Opinioni & Commenti

Carceri, il silenzio della politica

di Umberto SantarelliNei giorni precedenti la visita del Papa al Parlamento italiano l’attesa era grande per le cose che avrebbe detto e per il tono che avrebbe usato. I pochi che erano in pensiero per la laicità dello Stato e i pochissimi che non parteciparono alla riunione per restar fedeli a loro private memorie parvero gente che veniva da un altro mondo.Su una cosa eran tutti d’accordo: il Papa avrebbe parlato ancora di clemenza per i reclusi. Lo aveva già fatto durante del Giubileo, rimanendo inascoltato. Era più che probabile una sua insistenza.

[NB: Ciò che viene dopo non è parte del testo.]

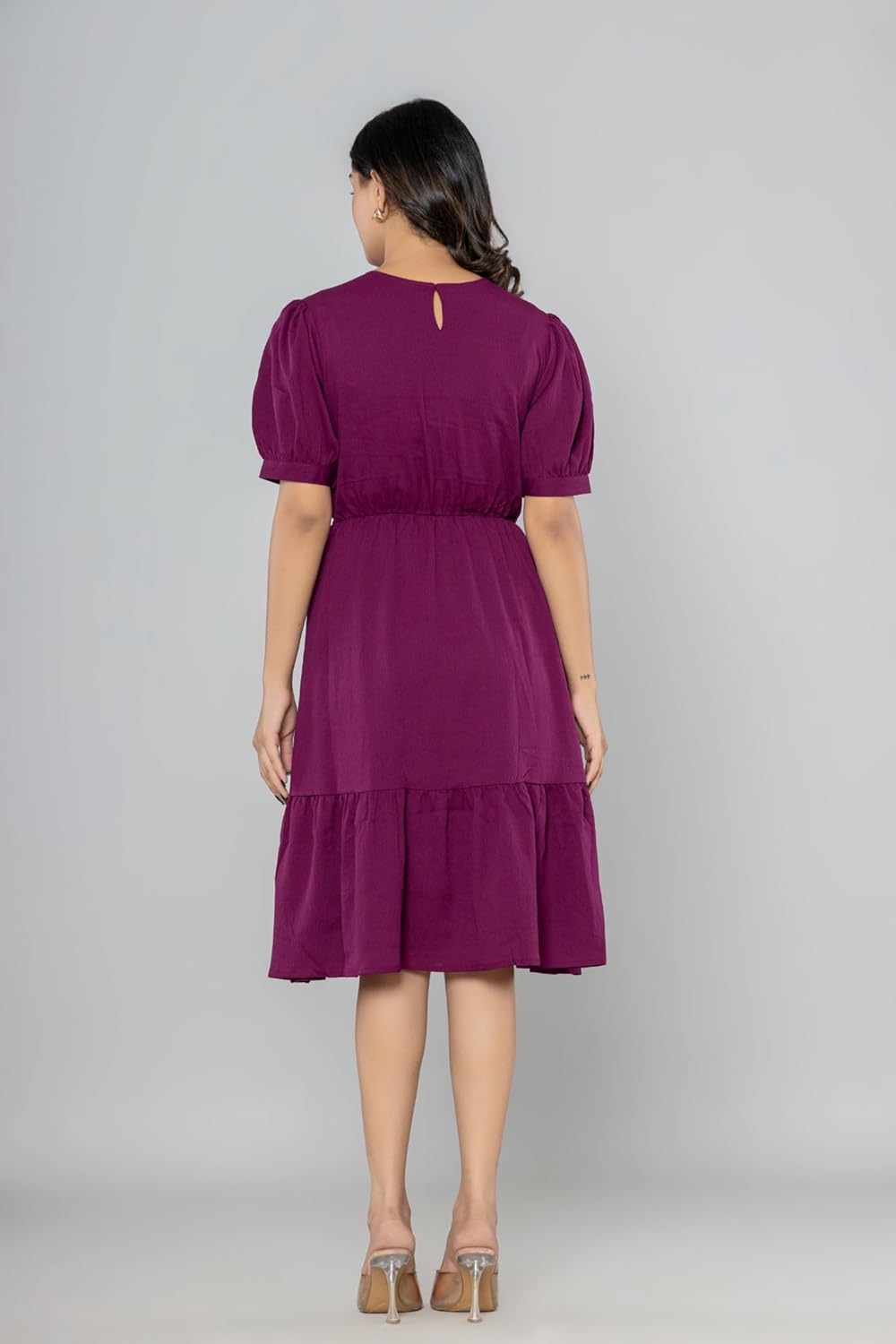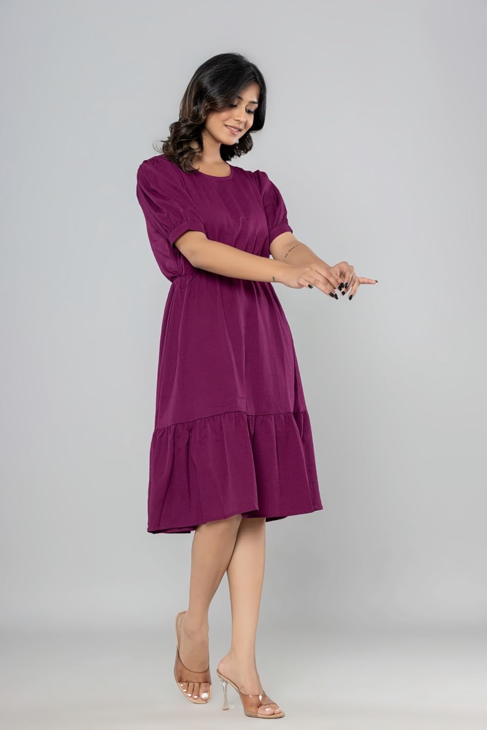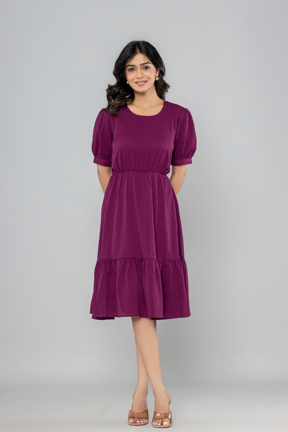 Aany’s Culture Dress for Women|One Piece for Women| Solid Round Neck Half Puff Sleeve Flared Pleated A-Line Midi Dress Dress for Women| Poly Cotton Dress for Women by Prixsa.com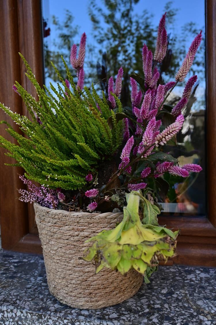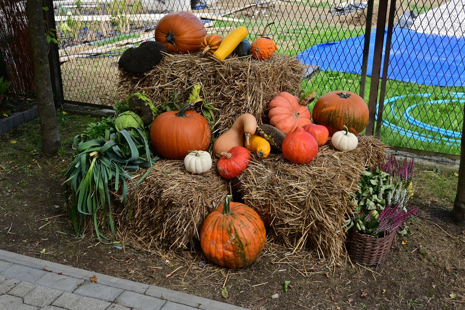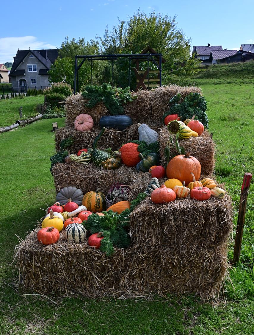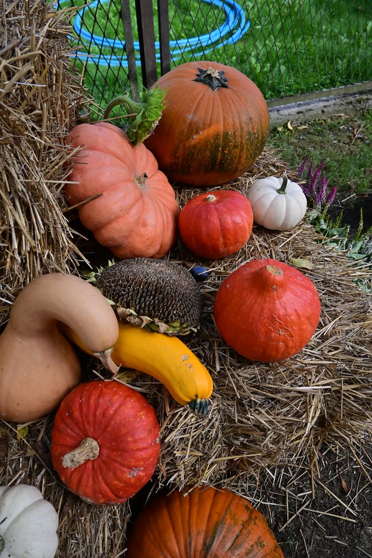 Pani Zofia nie tylko je uprawia – ona je celebruje. Każda dekoracja w ogrodzie była przemyślana: dynie poukładane na snopach słomy, ułożone w misach i koszach z traw i wrzosów. Byłam wzruszona, bo w tych aranżacjach było coś więcej niż estetyka – była dusza.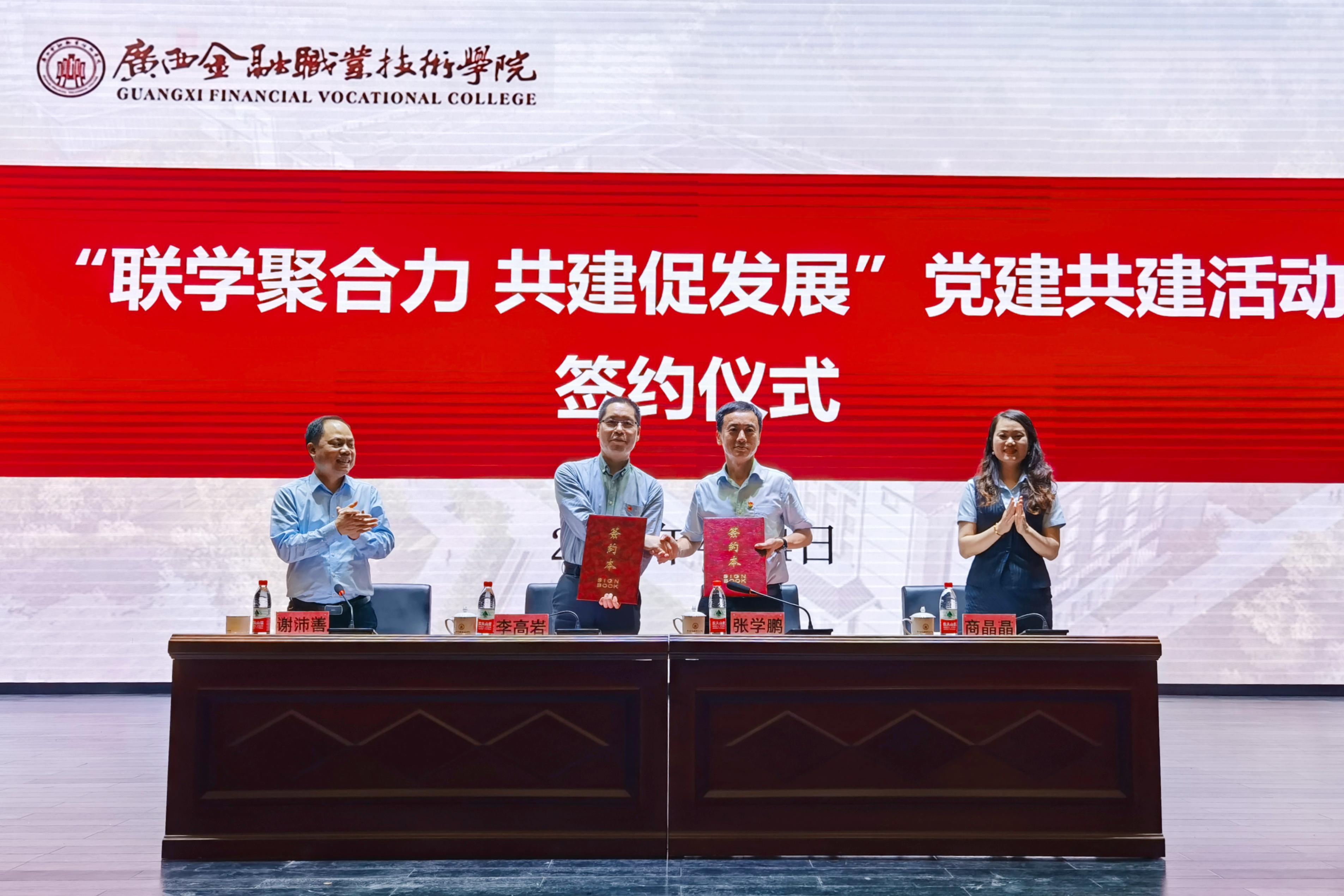 学校党委书记李高岩、建设银行高新支行党委书记张学鹏代表awc77万象城官网与建设银行广西高新支行双方签订党建共建协议书,正式开启了银校两家党组织结对子共发展的新篇章,标志着双方在构建资源共享、优势互补、探索创新党建工作新格局方面迈出了新的一步。

L’insistenza ci fu; espressa in modo rispettosissimo dell’autonomia dello Stato, giacché, come cattolici e laici scrissero nella Costituzione, «lo Stato e la Chiesa cattolica sono, ciascuno nel proprio ordine, indipendenti e sovrani». Nella prospettiva della solidarietà e delle ragioni della sicurezza, il Papa rammentò che «merita attenzione la situazione delle carceri, nelle quali i detenuti vivono spesso in condizioni di penoso affollamento» e aggiunse solamente che «una riduzione della pena costituirebbe una chiara manifestazione di sensibilità». Non indicò soluzioni che non spettavano a lui; parlò da vescovo, non da politico; indicò un valore da tutti condivisibile, non suggerì nulla a nessuno. Tutti applaudirono, e alla fine fecero tutti festa a un Papa che non dimostrava nessuna nostalgia per un passato remoto a cui non pensa più nessuno. Finita la cerimonia, spentasi l’eco dei molti e quasi unanimi applausi, i più stanno facendo finta che non sia successo nulla, tornando quatti quatti al piccolo cabotaggio delle polemiche fatte di slogan, ai giochi di parole senza senso, dimostrandosi preoccupati solamente di fare un po’ di chiasso intorno a sé e ai loro amici. Non mi pare un grande spettacolo.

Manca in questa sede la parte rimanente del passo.